All throw readings are in Lux at one meter. The numbers in parenthesis are for comparison in the Comparison Charts.

Beam at one meter at target center.

Runtime Plot:

This time I decided to do the runtimes a little differently. Here they all are on the same graph, with the graphs adjusted for initial starting output. Runtimes completed with alkalineAA, lithium AA, NiMH, and 123A cells:

Alkaline Runtime completed with Rayovac brand batteries.
Lithium AA Runtime completed with Energizer brand L91 AA batteries.
NiMH Runtime completed with Energizer brand 2300 mAh batteries.
123A Runtime completed with "Titanium" brand batteries.
More information on runtime plots is available HERE.
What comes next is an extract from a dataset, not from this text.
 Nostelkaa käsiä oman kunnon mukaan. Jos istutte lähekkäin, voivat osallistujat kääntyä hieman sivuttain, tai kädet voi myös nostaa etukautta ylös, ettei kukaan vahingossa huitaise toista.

The switch is covered by a textured rubber pad and is considered to be a "reverse clickie". Press until it clicks for on, press gently after "on" to blink. Press again until it clicks for off. Nothing else really to report here...

Seals / Water Resistance:

Single or double O-ring seals protect most of the light and the head is sealed. It should be considered "dunkable" but is not intended for diving (although some third parties have reported taking it for a swim in the pool without any problems.)
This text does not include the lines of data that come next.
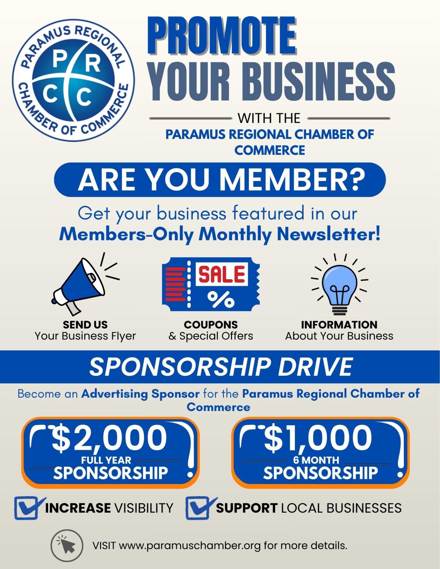 Become an Advertising Sponsor for the Paramus Regional Chamber of Commerce Register here and send check to P.O. Box 325, Paramus, NJ 07652
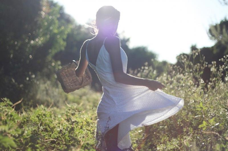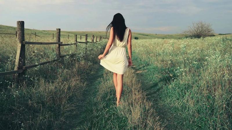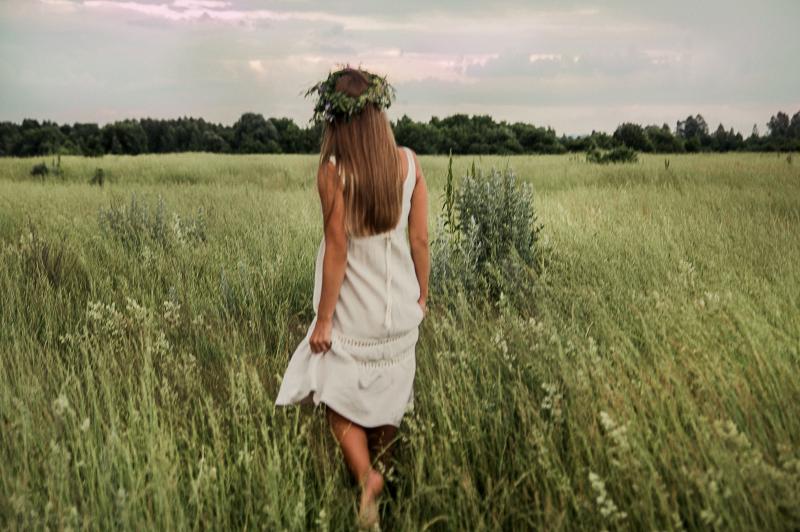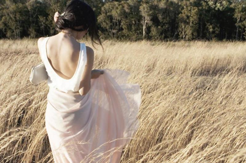 Фото девушки в поле со спины в платьях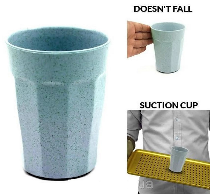 Цей стакан дуже надійний і міцний, адже його фактично неможливо перекинути! Знизу стакана є надміцний присосок, за допомогою якого він кріпиться до будь-якої твердої поверхні. Вам тільки потрібно поставити склянку та трохи притиснути її.

If it gets wet inside, just disassemble as much a possible without tools and let it dry before using again.


The triangular profile of the body tube makes it feel a little weird, but it's hardly worth mentioning. Some folks using this light have found that the switch is hard to press, but I did not have any issues with it. You may need to press in on the switch cap with the tip of your thumb instead of the pad of the thumb in order to activate it.

Keep in mind that in use this light will get hot during use. If you keep your hand wrapped around it, the heat should not get to the point where it is uncomfortable since your body's own circulatory system will act as a heat-pump and move the heat away from the light. If left in open air for a while and you grab it, it may scald your hand. Use caution!
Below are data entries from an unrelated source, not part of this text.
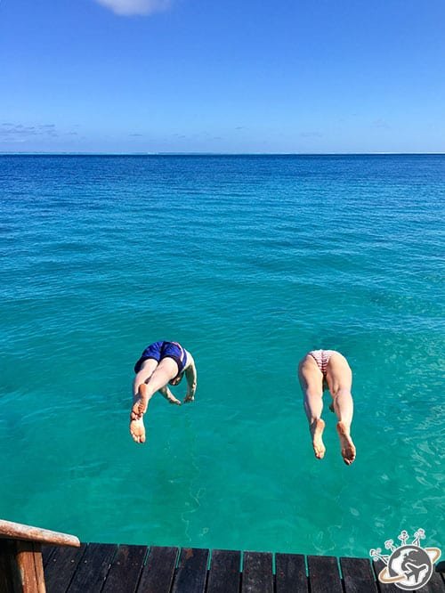 - chiller, faire des devoirs de vacances et sauter de notre ponton privé dès le réveil,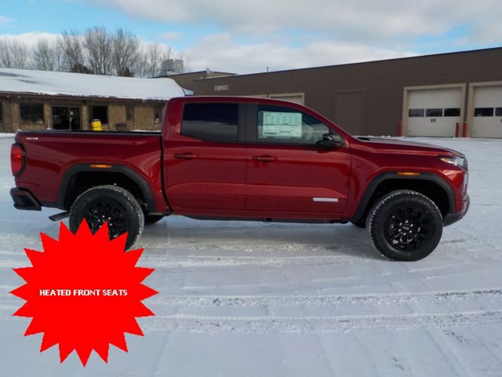 $3,801 off MSRP! Canyon Elevation, 4D Crew Cab, 2.7L I4 Turbocharged DOHC 16V LEV3-SULEV30 310hp, 8-Speed Automatic, 4WD, Volcanic Red, Jet Black Cloth, 8-Way Power Driver Seat Adjuster, Auto High-beam Headlights, Blind Zone Steering Assist w/Trailering, Canyon Safety Plus Package, Forward Collision Alert, Navigation System, Rear Cross Traffic Braking, Remote Vehicle Starter System, Ultrasonic Rear Park Assist.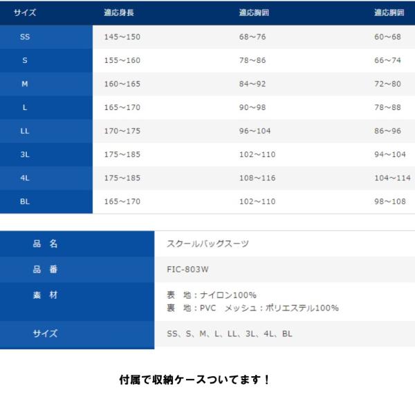 【リュック&ヘルメット対応】FIC-803W スクールレインスーツ カッパ 通学用 自転車用 中学生 高校生 学校用 雨具 レインスーツ

1 AA configuration (standard) compared to a common 2AA aluminum light

2AA configuration (optional) compared to a common 2AA aluminum light

123A configuration (optional) compared to a common 2AA aluminum light


Utilizing the various battery tubes it can use the following battery options:

  • 1 AA alkaline (AA tube)
  • 1 AA NiMH (AA tube)
  • 1 AA L91 Lithium (AA tube)
  • 1 AAA alkaline (fits in AA tube)
  • 1 AAA NiMH (fits in AA tube)
  • 1 AAA L92 Lithium (fits in AA tube)
  • 2 AA alkaline (AA tube + AA extension)
  • 2 AA NiMH (AA tube + AA extension)
  • 2 AA L91 Lithium (AA tube + AA extension)
  • 1 14500 Li-Ion rechargeable (AA tube)
  • 123A Lithium (123A tube)
  • 123A Protected Rechargeable Li-Ion (123A tube)
  • 123A Unprotected Rechargeable Li-Ion (123A tube)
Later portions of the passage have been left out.